Static Personal Data: Incorporate persistent information about your life: family, health, work, etc.
Dynamic Data: Include frequently changing information like weather forecasts, calendar events, and messages.

Note

This project uses an example assistant named OLIVER (Overly Logical Interface with Vaguely Eccentric Replies) as a template. Feel free to customize it according to your preferences.

Key Features

Custom LLM Personality: Define exactly how your assistant responds and presents information
Structured Data Management: Separate static and dynamic personal information
API Compatibility: Use with any Ollama-compatible client, including OpenWebUI
Interactive CLI: Test and use the assistant directly from your terminal
Docker Support: Deploy and run in containers for better isolation and portability
Modular Design: Easily extend or modify components to fit your needs

Getting Started

Follow these steps to set up your personal assistant:

Prerequisites

Ollama installed locally or on a remote server
Python 3.10+ installed
Git for cloning the repository

Basic Setup

Clone the repository and set up the environment:

# Clone the repository
git clone https://github.com/robertsinfosec/ollama-personal-assistant-rag.git

# Change to the project directory
cd ollama-personal-assistant-rag/src

# Create a Python virtual environment and activate it
python -m venv .venv
source .venv/bin/activate  # On Windows use: .\.venv\Scripts\Activate.ps1

# Install the required dependencies
pip install -r src/requirements.txt

Customize your personal data by editing the YAML files:

# Edit static information
cd src/data/static/
# Edit files like owner.yaml, family.yaml, etc.

# Edit dynamic information
cd ../dynamic/
# Edit files like calendar.yaml, weather.yaml, etc.
# TODO: Create scripts that dynamically update these files

Generate the knowledge base document:

cd ../../  # Return to src directory
python main.py generate

Note

This process takes all of the YAML files and Jinja2 templates in the data/ directory and generates one, large markdown document called personal_info.md. This document serves as the knowledge base for your assistant.

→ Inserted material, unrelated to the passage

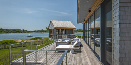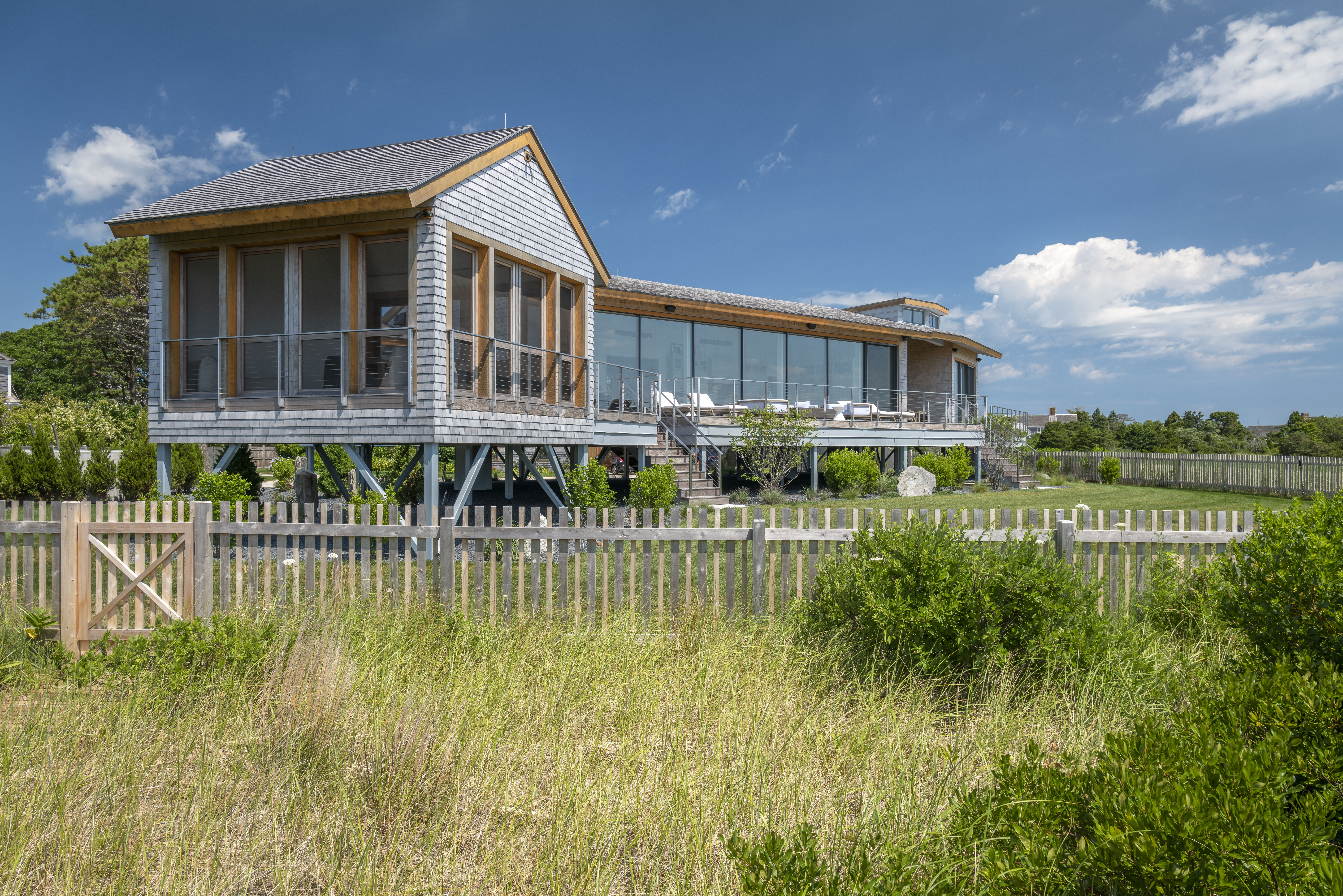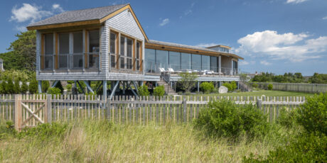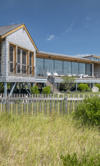 This beach house, built on a quiet cove on the Cape, sits on the site of a previous family home. The original house had suffered through a number of floods. After the last one, the family decided to build a new home, raised above the highest flood zone.
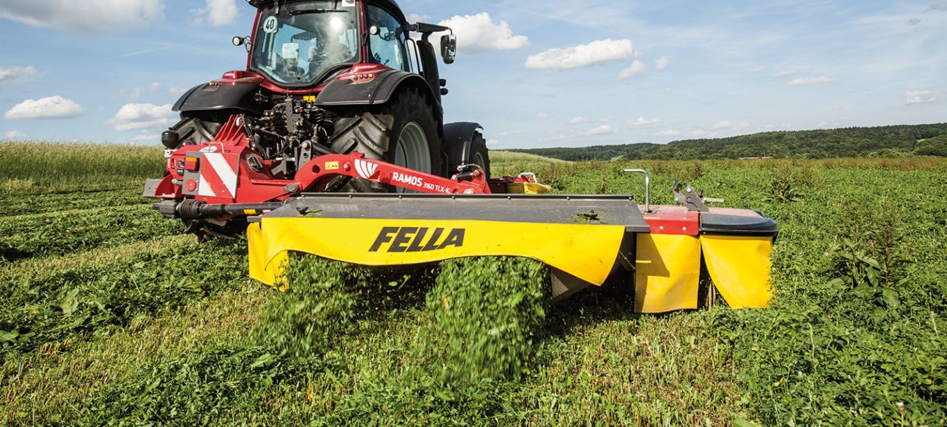 Hydraulic cylinders fold the RAMOS TLX mowers vertically towards the machine's centre of gravity, with a shock absorber minimising the impact when they reach their end position. |

Create your custom Ollama model:

On the Ollama server (if this isn't your local workstation), create a custom model using the Modelfile provided in the models/ directory, then run:

python main.py create-model --name oliver-assistant --modelfile models/Modelfile

Start the API server:

python main.py api

This will start the FastAPI server, which listens for incoming requests on port 8901 by default. This server will look and act like an Ollama server, in that it will reflect all of the models that are available on the Ollama server, but it will also have a /query endpoint that will allow you to query the RAG system directly.

For detailed setup instructions, see the src/README.md.

Project Structure

The project is organized into several key modules:

api: FastAPI implementation of the RAG-enhanced API server
config: Configuration settings for RAG and template generation
data: YAML data files and Jinja2 templates for personal information
generation: Tools for generating the markdown knowledge base
models: Ollama Modelfiles for customizing the assistant's personality
rag: Core RAG functionality for context retrieval and response enhancement

Each module has its own README with detailed documentation.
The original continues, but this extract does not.